----- DATA EXTRACT -----

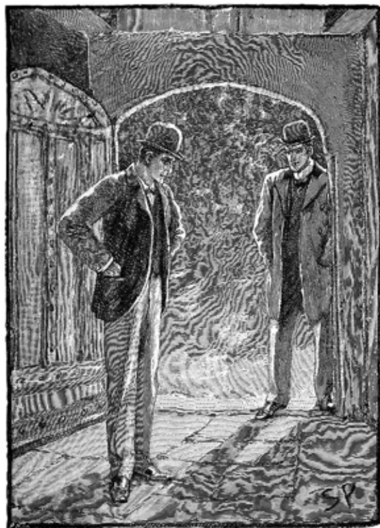
"THIS WAS THE PLACE INDICATED."

setting sun shone full upon the passage floor, and I could see that the old foot-worn grey stones, with which it was paved, were firmly cemented together, and had certainly not been moved for many a long year. Brunton had not been at work here. I tapped upon the floor, but it sounded the same all over, and there was no sign of any crack or crevice. But fortunately, Musgrave, who had begun to appreciate the meaning of my proceedings, and who was now as excited as myself, took out his manuscript to check my calculations.
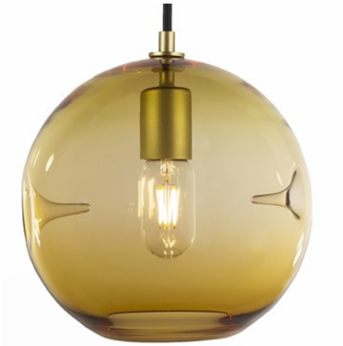
Shown in: Satin Brass / Topaz

The Poke Pendant is a hand crafted blown glass piece that is made from partially recycled glass with love and attention to every detail. This fixture would stand perfectly solo but make your individual statement by hanging in multiples. The beautiful glass is available in Amethyst, Aquamarine, Citrine, Opal, Slate or Topaz with an Onyx cord and Blackened Brass or Satin Brass finish. Made in the USA. UL Listed.
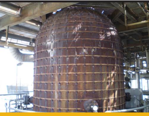
Figure 1: Critical Vessel View

Real time fault detection and monitoring for critical vessels

-----

> **ASSIGNMENT**:
Tally the lines above in which the string "that" occurs, and give the total with nothing added.

> **OUTPUT OF THE TASK**:
2